The book and the interview both pointed toward the same conclusion: the response to HIV had never been only about virology or epidemiology. It was about solidarity. It was about the unglamorous work of fighting stigma, defending the rights of the most marginalized, and building the kind of society where a diagnosis did not mean abandonment. It was about listening to voices that seemed far removed from the laboratory, and trusting that wisdom lived in many places.
Citas Notables
The response to HIV is not only about scientific advances, but involves solidarity, fighting stigma, defending rights, and the ability to listen to different voices in building solutions— Fábio Mesquita, reflected in his book and interview
La Conversación del Hearth Otra perspectiva de la historia
When you talk about dialogue between science and faith, what does that actually look like in practice? Are you asking religious leaders to accept scientific findings, or something else?
It's not about one side winning. In Santos, I wasn't trying to convince priests that condoms were theologically sound. I was asking them to help me think about how to keep people alive. Once you frame it that way—not as a clash of worldviews but as a shared problem—the conversation changes.
But there must have been moments where the two genuinely conflicted. Where science said one thing and faith said another.
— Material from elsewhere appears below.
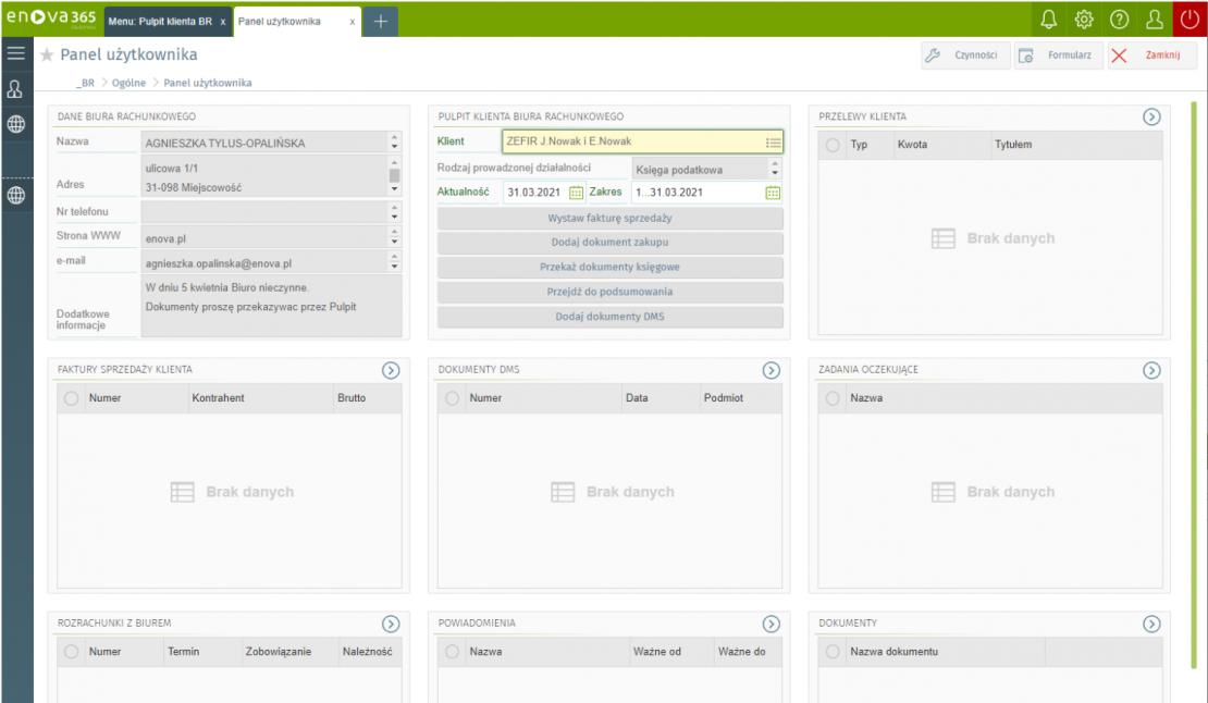 Ponieważ wszystkie informacje, których może potrzebować klient są w systemie nie musi on się kontaktować mailowo czy telefonicznie z księgowymi, co oszczędza czas zarówno księgowych, jak i klientów. Kontakt klientów z biurem odbywa się głównie poprzez platformę. Dotyczy to także anglojęzycznych klientów firm księgowych, bo Pulpit Klienta enova365 obsługiwany jest także w języku angielskim.
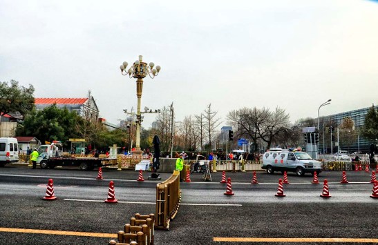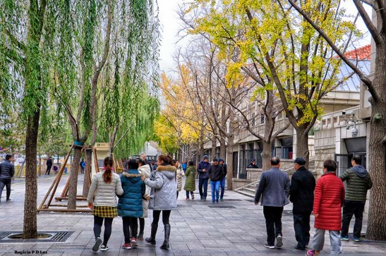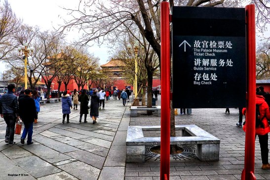 Alameda arborizada conduz ao posto de fiscalização, com detector de metais, para aceder à Praça Tian’anmen. Perde-se um tempo razoável pela multidão de turistas da própria China que gostam de fazer turismo pelo país.

Of course. Harm reduction was the clearest example. From a certain religious perspective, you're enabling sin. From a public health perspective, you're preventing death. Both things are true in their own frame. The question is: which frame do you choose when lives are at stake?
And you chose the lives.
I did. But I tried to do it in a way that didn't require anyone to abandon their beliefs. I just asked them to expand their circle of concern.
Your work took you to very different places—Indonesia, Vietnam, African countries. Did the science change, or did the approach to dialogue change?
The science was constant. But the cultural and political context was completely different in each place. In some countries, the barrier wasn't religion but government repression. In others, it was both. You have to listen to what's actually blocking people from getting care, and then address that specific thing.
What's the thing you wish you'd understood earlier in your career?
That being right isn't enough. You can have all the evidence in the world, and if you haven't built trust, if you haven't listened to the people you're trying to help, nothing changes. The science opens doors. But dialogue is what keeps them open.